Task requirements: In your copy, each record should read exactly as it does below, and no pictures should be present.

============

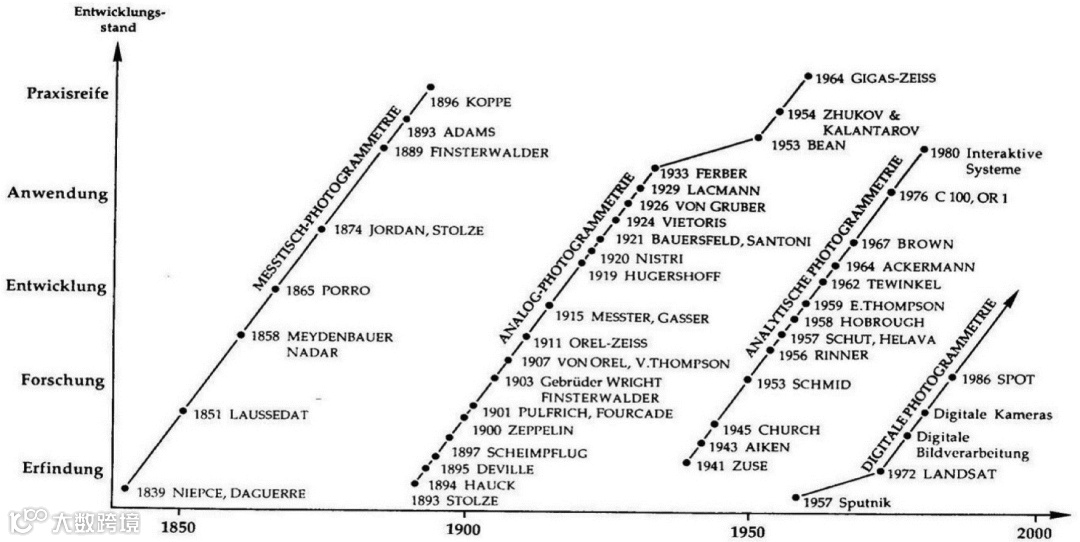 同时,摄影测量学及其底层技术也在发生变化。我们以经济学家N.D. Kondratjew的眼光审视摄影测量学的历史,他在1925年提出了经济学发展的波动理论。据他说,经济以周期性发展,以“30年增长期,20年衰退期,再到30年增长期”的模式循环。新技术的发明可以带来经济的增长期(“需求是发明之母”)。
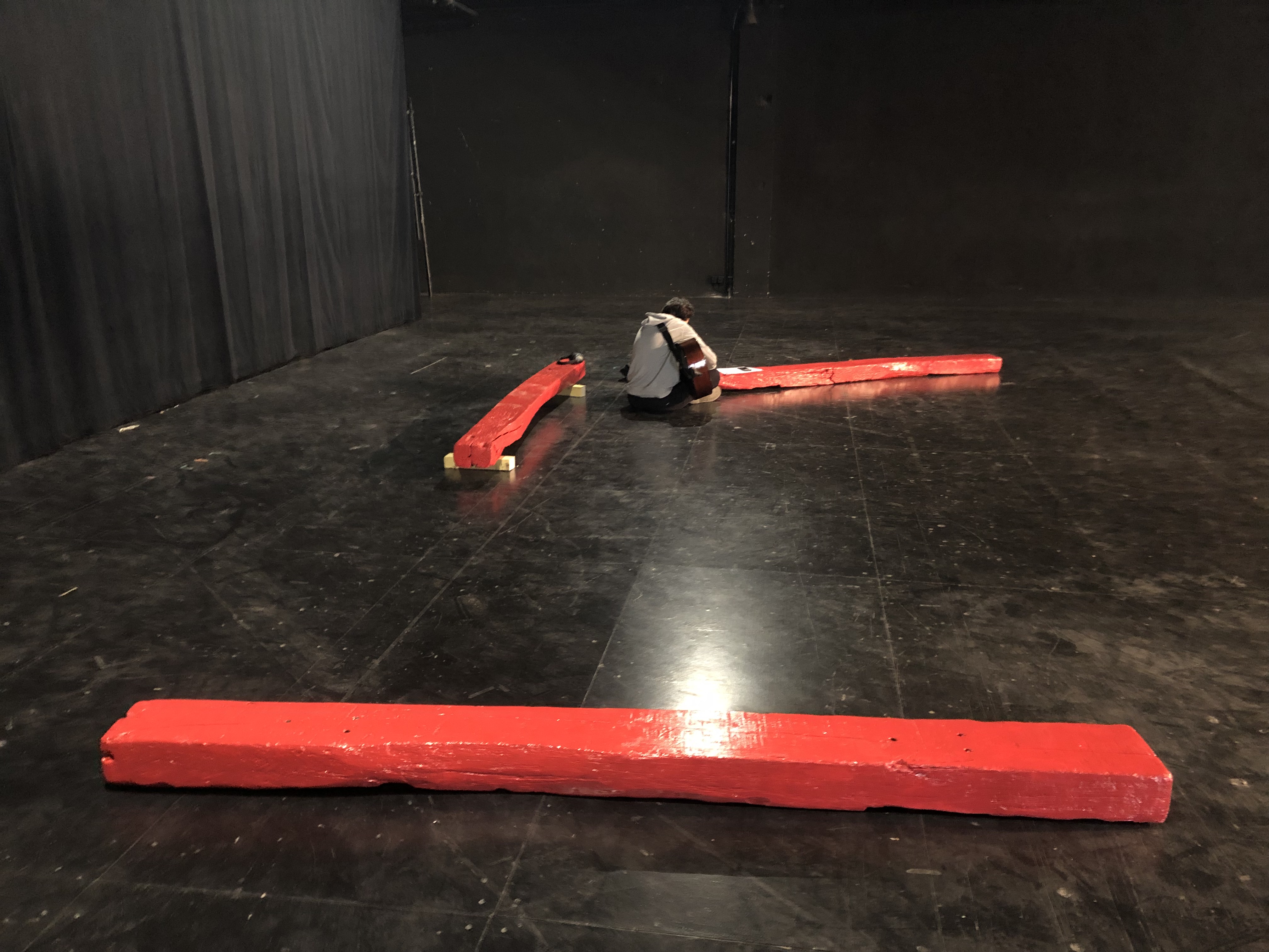 Ce que j’aime regarder au théâtre, ce sont les murs et le sol. Je pourrais prendre mille images des murs, du sol. Oui : on joue avec l’air qui nous entoure. On la déplace, on la saccage. On est ravagé par l’air qui nous sépare. On est une partie de l’air qu’on produit avec nos lèvres. On ne fait rien d’autre, au théâtre que de brasser de l’air et parfois, il atteint les visages et parfois, il remue d’autres airs, et du vent fabrique du vent qui fabrique le souffle qui renverse une feuille d’arbre, une forêt, un désir.
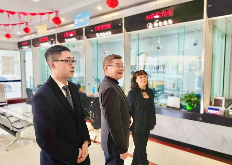 2019年11月14日,发起行(自贡银行)董事长袁益富、董事会秘书雷从哲一行莅临我行,开展“不忘初心、牢记使命”主题教育专题调研。先后视察我行淮口支行、淮州新城支行(筹)、机房建设情况,实地了解我行支农支小情况,亲切慰问一线员工;在往返各个调研点的路途中,听取我行工作报告并对相关工作进行指导。我行董事长甘永军、行长吴鲜平陪同调研。
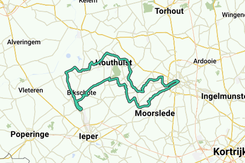 Alle sportiven Distanzen verlassen Roeselare über Oostnieuwkerke in Richtung Westrozebeke. Du fährst in die ländliche, hügelige Landschaft Zentral-Westflanderns in Richtung der ‘Keuneleute’ und ‘Stadenberg’. Über Houthulst und Merken erreichst du den ‘Ieperleekanaal’.
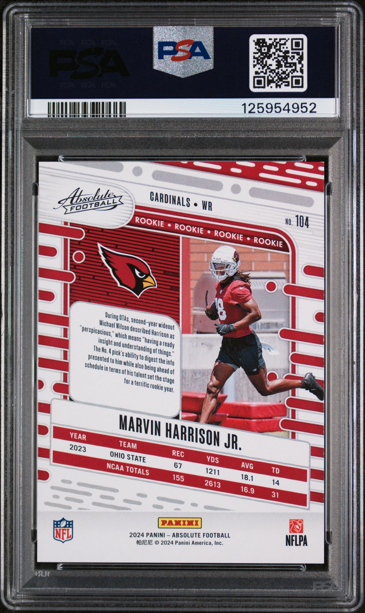 What's more, this card celebrates Marvin Harrison Jr.'s rookie year with the Cardinals, marking the beginnings of a promising career in the NFL. It's a piece of sports history that every enthusiast would want to own.
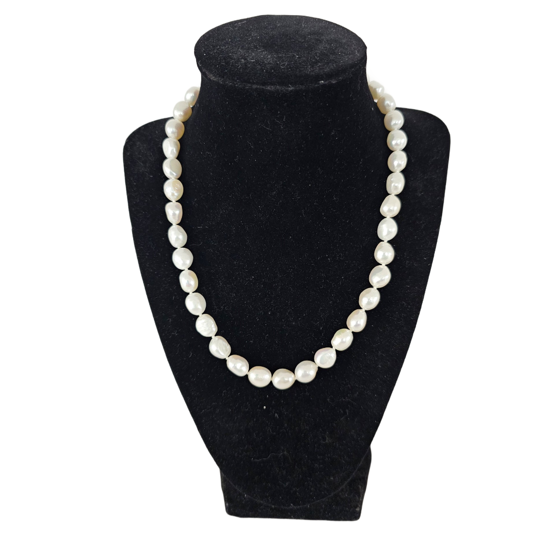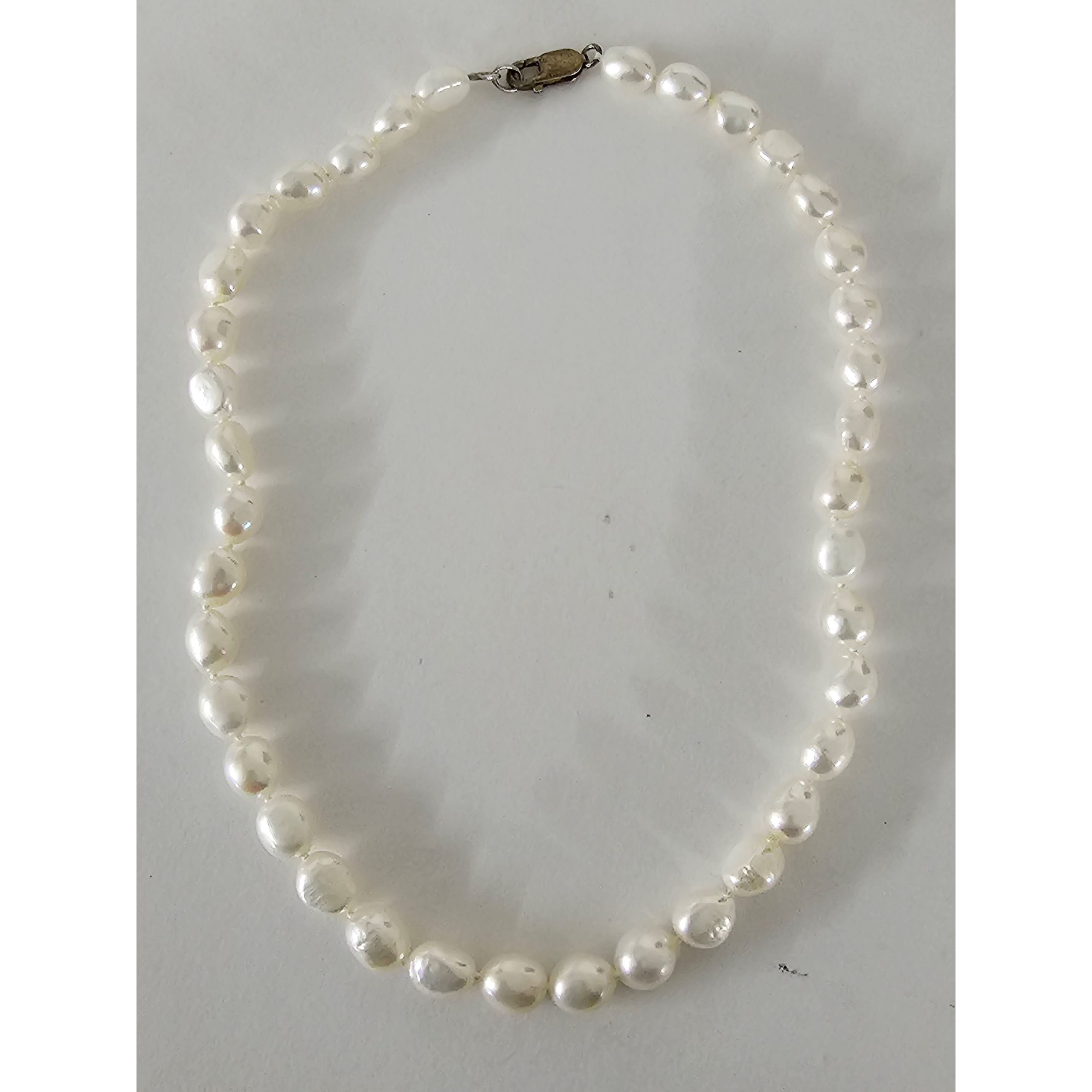 Vintage White 7-8mm Pearl Necklace Sterling Silver Lobster Clasp 17 Inch

============

Completed task:
 同时,摄影测量学及其底层技术也在发生变化。我们以经济学家N.D. Kondratjew的眼光审视摄影测量学的历史,他在1925年提出了经济学发展的波动理论。据他说,经济以周期性发展,以“30年增长期,20年衰退期,再到30年增长期”的模式循环。新技术的发明可以带来经济的增长期(“需求是发明之母”)。
 Ce que j’aime regarder au théâtre, ce sont les murs et le sol. Je pourrais prendre mille images des murs, du sol. Oui : on joue avec l’air qui nous entoure. On la déplace, on la saccage. On est ravagé par l’air qui nous sépare. On est une partie de l’air qu’on produit avec nos lèvres. On ne fait rien d’autre, au théâtre que de brasser de l’air et parfois, il atteint les visages et parfois, il remue d’autres airs, et du vent fabrique du vent qui fabrique le souffle qui renverse une feuille d’arbre, une forêt, un désir.
 2019年11月14日,发起行(自贡银行)董事长袁益富、董事会秘书雷从哲一行莅临我行,开展“不忘初心、牢记使命”主题教育专题调研。先后视察我行淮口支行、淮州新城支行(筹)、机房建设情况,实地了解我行支农支小情况,亲切慰问一线员工;在往返各个调研点的路途中,听取我行工作报告并对相关工作进行指导。我行董事长甘永军、行长吴鲜平陪同调研。
 Alle sportiven Distanzen verlassen Roeselare über Oostnieuwkerke in Richtung Westrozebeke. Du fährst in die ländliche, hügelige Landschaft Zentral-Westflanderns in Richtung der ‘Keuneleute’ und ‘Stadenberg’. Über Houthulst und Merken erreichst du den ‘Ieperleekanaal’.
 What's more, this card celebrates Marvin Harrison Jr.'s rookie year with the Cardinals, marking the beginnings of a promising career in the NFL. It's a piece of sports history that every enthusiast would want to own.
 Vintage White 7-8mm Pearl Necklace Sterling Silver Lobster Clasp 17 Inch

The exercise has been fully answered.